I tested against the version of mongodb that was readily available for Ubuntu 10.04 (1:1.2.2-1ubuntu1.1). I also tried to make sure to support cluster configurations. So check out the portlet.properties file in the plugin as well as the mongodb driver javadocs for what and how to set that up.

I did several small usage tests (none of which were load testing, since this was an informal design) to see that everything was working the right way. I created several Custom Fields on several different entites and tested CRUD opperations to make sure that the data was landing (as well as being removed/updated) where I wanted it, in MongoDB.

Meanwhile, I was also using the Mongo DB command line client mongo to make sure that everything was working from that end.

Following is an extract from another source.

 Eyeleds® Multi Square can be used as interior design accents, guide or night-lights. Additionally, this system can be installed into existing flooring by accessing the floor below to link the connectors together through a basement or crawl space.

I added a custom field called test to the User entity, and for the first user in the system, I set the value to test value . Here is an example of what we see via mongo:

 

[rotty@rotty-desktop  expando-mongodb-hook]$ mongo
MongoDB shell version: 1.2.2
url: test
connecting to: test
type "exit" to exit
type "help" for help
> show dbs
admin
local
lportal_0
lportal_10135
> use lportal_10135
switched to db lportal_10135
> db.getCollectionNames()
[
	"com.liferay.portal.model.User#CUSTOM_FIELDS",
	"com.liferay.portlet.blogs.model.BlogsEntry#CUSTOM_FIELDS",
	"com.liferay.portlet.documentlibrary.model.DLFileEntry#CUSTOM_FIELDS",
	"system.indexes"
]
> db.getCollection("com.liferay.portal.model.User#CUSTOM_FIELDS").count()
1
> db.getCollection("com.liferay.portal.model.User#CUSTOM_FIELDS").find()
{ "_id" : ObjectId("4d28f318fcfcc08a7855ebe4"), "companyId" : 10135, "tableId" : 17205, "rowId" : 10173, "classNameId" : 10048, "classPK" : 10173, "valueId" : 17207, "test" : "test value" }
> 

So far so good! As you can see the data is landing nicely into the Mongo DB database.

 

While that was a good test I also wanted to make sure that other use cases would work just as well. I decided to revive the First Expando Bank example to see how that would work.

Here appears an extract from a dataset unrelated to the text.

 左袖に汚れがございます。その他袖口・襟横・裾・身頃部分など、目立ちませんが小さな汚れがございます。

I first had to make a few small API changes in the Velocity template. The updated template is attached. See this article and the follow up for more information on that topic.

After adding some accounts into the First Expando Bank app, the mongo console results looked like this:

 

> db.getCollectionNames()
[
	"AccountsTable#AccountsTable",
	"com.liferay.portal.model.User#CUSTOM_FIELDS",
	"com.liferay.portlet.blogs.model.BlogsEntry#CUSTOM_FIELDS",
	"com.liferay.portlet.documentlibrary.model.DLFileEntry#CUSTOM_FIELDS",
	"system.indexes"
]
> db.getCollection("AccountsTable#AccountsTable").count()
3
> db.getCollection("AccountsTable#AccountsTable").find()
{ "_id" : ObjectId("4d29292abda2c08a05e35e67"), "companyId" : 10135, "tableId" : 17320, "rowId" : 1294543146642, "classNameId" : 17313, "classPK" : 1294543146642, "valueId" : 17336, "balance" : 55, "firstName" : "Ray", "lastName" : "Auge", "modifiedDate" : "Sat Jan 08 2011 22:19:06 GMT-0500 (EST)" }
{ "_id" : ObjectId("4d292945bda2c08a06e35e67"), "companyId" : 10135, "tableId" : 17320, "rowId" : 1294543173086, "classNameId" : 17313, "classPK" : 1294543173086, "valueId" : 17337, "balance" : 120, "firstName" : "Daffy", "lastName" : "Duck", "modifiedDate" : "Sat Jan 08 2011 22:19:33 GMT-0500 (EST)" }
{ "_id" : ObjectId("4d292958bda2c08a07e35e67"), "companyId" : 10135, "tableId" : 17320, "rowId" : 1294543192848, "classNameId" : 17313, "classPK" : 1294543192848, "valueId" : 17338, "balance" : 300, "firstName" : "Mickey", "lastName" : "Mouse", "modifiedDate" : "Sat Jan 08 2011 22:19:52 GMT-0500 (EST)" }
> 

Excelent! It would appear that all our use cases are covered from automatic Custom Fields via the UI to programmatic use in a CMS template.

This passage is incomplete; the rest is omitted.